The case was then tried as scheduled on October 10 and 11, 2013, before Judge Bass. At the start of the trial Thompson had another opportunity to address the court but did not raise any issues concerning his attorney. After the State rested its case-in-chief, Judge Bass conducted a colloquy with Thompson where he stated his intention to exercise his right to remain silent and that he did not wish to call any other witnesses to testify.
During closing argument a juror became ill and was ultimately excused. Judge Bass consulted Thompson regarding her intention to excuse the juror. The following discussion occurred:
The Court: Do you agree with everything?
Defendant Thompson: Yes, I do.
The Court: Do you have any comment?
Defendant Thompson: No. Everything — I’m okay with everything.
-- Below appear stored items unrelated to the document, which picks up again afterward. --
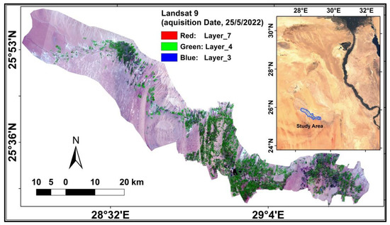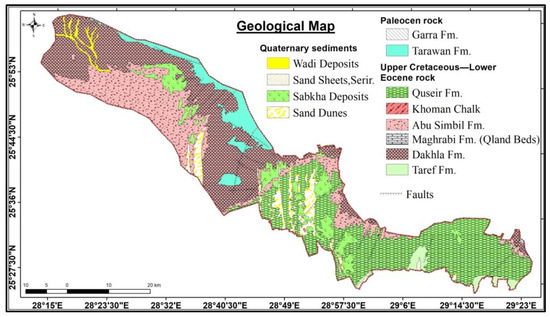 Geologically, the area under investigation comprises three geological features, including the Upper Cretaceous–Lower Eocene rock units in the area extending between Teneida and Abu Minqar, which is divided into Taref, Quseir Formations of the Nubian Sandstone Group, Duwi, Dakhla, Abu Simbil, Khoman, and Maghrebi formations. The Paleocene rock unit (Tarwan and Garraformations) constitutes the western portion of the depression in the research region, and it is composed of layers of coral limestone with calcite overlaps. Finally, the Quaternary sediments (Pleistocene sediments) are associated with Aeolian, marine, fluvial, and wadies sediments (scale 1:250,000) [56] (Figure 2).
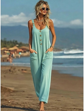 Dámské Běžný Kombinéza Aktivní Pevná barva Bez rukávů Široké nohavice Kulatý Knoflíky Denní Plážové Volný Černá Bílá Trávová zelená Léto
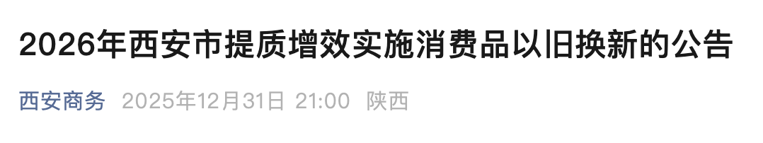 根據國家和陜西省消費品以舊換新工作部署,現就2026年西安市提質增效實施消費品以舊換新相關工作公告如下:
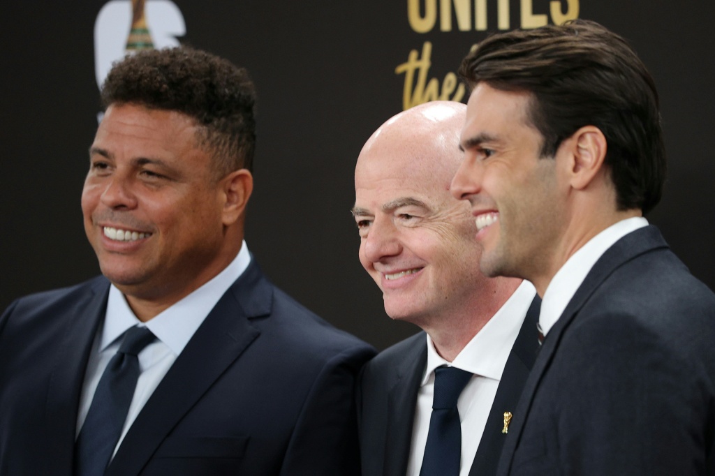 Gianni Infantino (centro) posa entre Ronaldo y Kaká en la alfombra roja del sorteo del Mundial de 2026 el 5 de diciembre de 2025
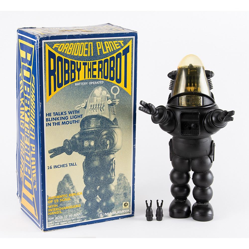 Scarce vintage circa 1980s battery-operated Robby the Robot talking figure, made in Japan by Masudaya, standing at 16Àù tall. The 1/5 scale figure includes interchangeable hands and talks with blinking light in the mouth. Includes its original box. Robby the Robot became a cult sci-fi Hollywood icon after his first appearance in the 1956 film Forbidden Planet.
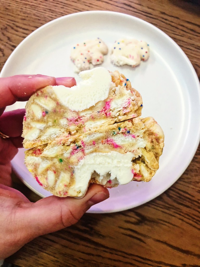 I ordered the G.O.A.T pack which comes with a variety of 6 cookies for $24 not including shipping. The pack includes: Better than Sex, Frosted Animal Cheesecake, Peanut Butter Bomb, Cinnamon Roll, Em’s Sexual Chocolate, and Funfetti Buttercream. So what are these bad boys filled with? Better than Sex is filled with white chocolate chips, crushed oreos, twix, buttenrcake and buttercream. Frosted Animal Cheesecake is a cheesecake cookie base with white chocolate chips, circus animal cookies, and cream cheese frosting. Peanut Butter Bomb is full of chocolate chips, peanut butter chips AND cups, and Reeces pieces. Cinnamon Roll has white chocolate, cinnamon chips, cinnamon rolls, and cream cheese frosting. Em’s Sexual Chocolate is filled with milk chocolate chips, dark chocolate oreos, nutella and brownie (WOW!). And finally, Funfetti Buttercream is a confetti cake cookie base, white chocolate chips, and buttercream frosting. I also ordered a Circus Rush ($5) which is filled with white chocolate, circus animal cookies, rainbow sprinkles then stuffed with buttercake and buttercream drizzled with white chocolate and topped with a circus cookie. It is too hard to choose a favorite because they were seriously all so tasty. But I am a sucker for funfetti and oreos.
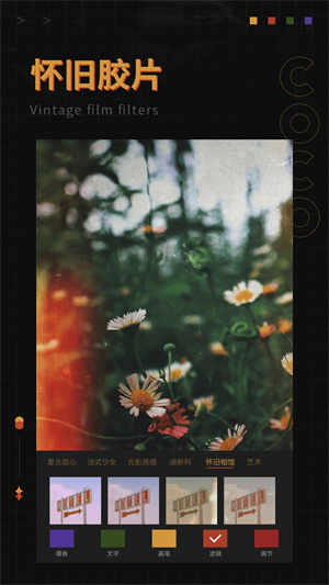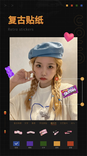 可可修图app是一款非常专业的图片处理应用程序,它具有许多高级的功能和特点,包括滤镜、贴纸、特效、文字等。用户可以轻松地对照片进行美化或拼接,创造出独特的视觉效果和独特风格。
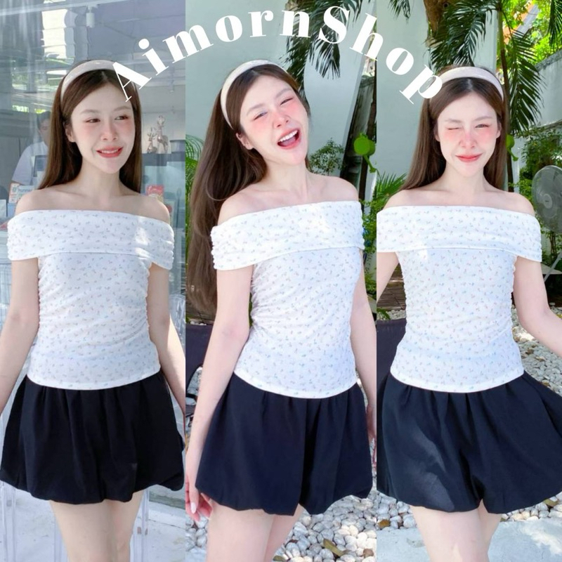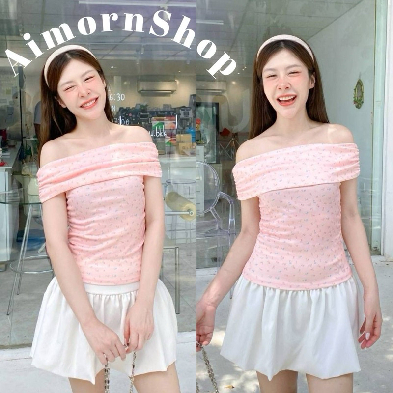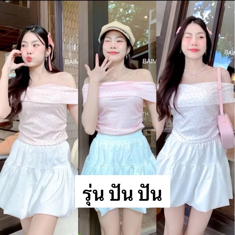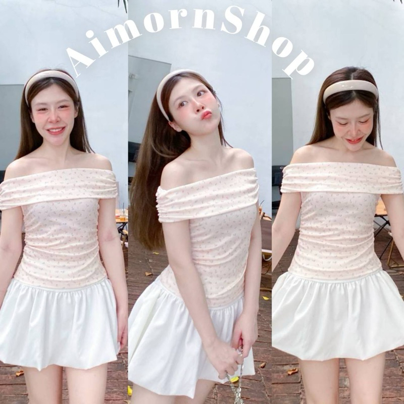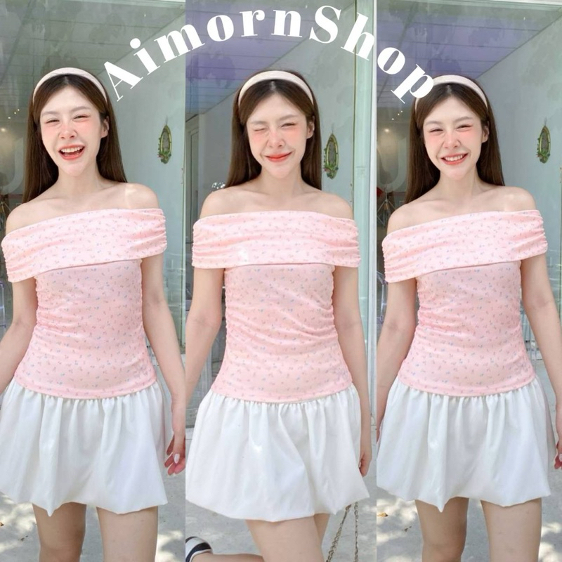 เสื้อปาดไหล่เย็บย่นช่วงเอว ใส่เข้ารูปดูแล้วหุ่นดีมากค้าา
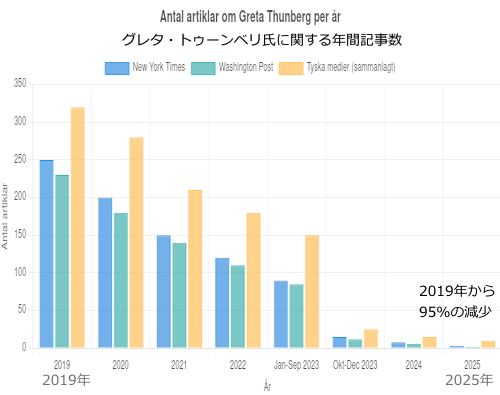ニューヨーク・タイムズ紙は、2018年から 2023年9月まで、グレタ・トゥーンベリ氏に関する記事を毎年数百本掲載した。しかし、2025年には、わずか 3本の記事でしか言及されていない。
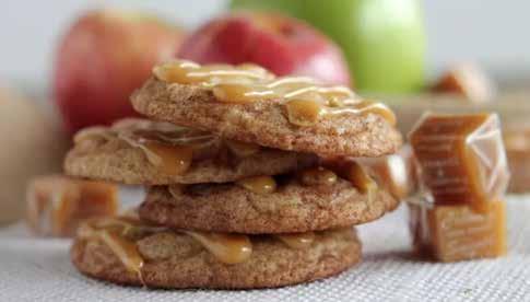 Preheat the oven to 350°F. Cream the butter with ¾ cup of sugar, add egg and vanilla, and mix until well incorporated. In a separate bowl, combine the flour, cream of tartar, salt, and baking soda. Add dry ingredients to the wet mixture and mix until combined, then fold in the diced apple. In a small bowl, combine ¼ cup sugar and 1½ tsp cinnamon. Scoop cookie dough balls, roll them into the cinnamon sugar mixture, and place them on a prepared baking sheet. Bake for 10-12 minutes or until brown on the edges and allow to cool. Heat caramel squares in the microwave for short bursts of 15 seconds at a time until just melted. Place in a zip-top bag and cut off the corner. Pipe a zigzag of caramel over the tops of the cookies and allow to set.

Thompson was found guilty and sentenced to life imprisonment. Other than the one mentioned on October 3, 2013, Thompson does not identify any other instances before the trial court where he sought to address his representation by his trial attorney. Thompson never filed a written motion raising ineffective assistance of counsel or any other complaint regarding trial counsel.
In Hardwick v. State, 521 So.2d 1071, 1074-75 (Fla.1988), superceded on other grounds as recognized in, McKenzie v. State, 29 So.3d 272 (Fla.2010), the Florida Supreme Court adopted a procedure, based on Nelson, for inquiring into a defendant’s request to discharge appointed counsel based on a claim of incompetence. “When faced with a motion to dismiss ap*456pointed counsel, the court has a duty to ascertain from the defendant whether the request is unequivocal and to explore the reasons behind the request; this is a preliminary Nelson inquiry.” Jackson v. State, 33 So.3d 833, 835 (Fla. 2d DCA 2010) (italics in original).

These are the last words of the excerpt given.